Data extracts:
============================================================
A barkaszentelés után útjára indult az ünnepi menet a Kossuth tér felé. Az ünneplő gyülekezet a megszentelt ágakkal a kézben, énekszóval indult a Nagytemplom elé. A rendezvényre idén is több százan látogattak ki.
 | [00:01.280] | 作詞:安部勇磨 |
============================================================
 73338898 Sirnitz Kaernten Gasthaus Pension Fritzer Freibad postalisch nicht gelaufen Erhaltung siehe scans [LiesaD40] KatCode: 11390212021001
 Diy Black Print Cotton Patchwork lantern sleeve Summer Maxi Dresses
============================================================
What you need to do:
Starting with the line with "A barkaszentelés után" above and going on through the line with "[00:01.280] | 作詞:安部勇磨 |", transcribe every line exactly, both ends included, and add nothing.

Answer to this task:
A barkaszentelés után útjára indult az ünnepi menet a Kossuth tér felé. Az ünneplő gyülekezet a megszentelt ágakkal a kézben, énekszóval indult a Nagytemplom elé. A rendezvényre idén is több százan látogattak ki.
 | [00:01.280] | 作詞:安部勇磨 |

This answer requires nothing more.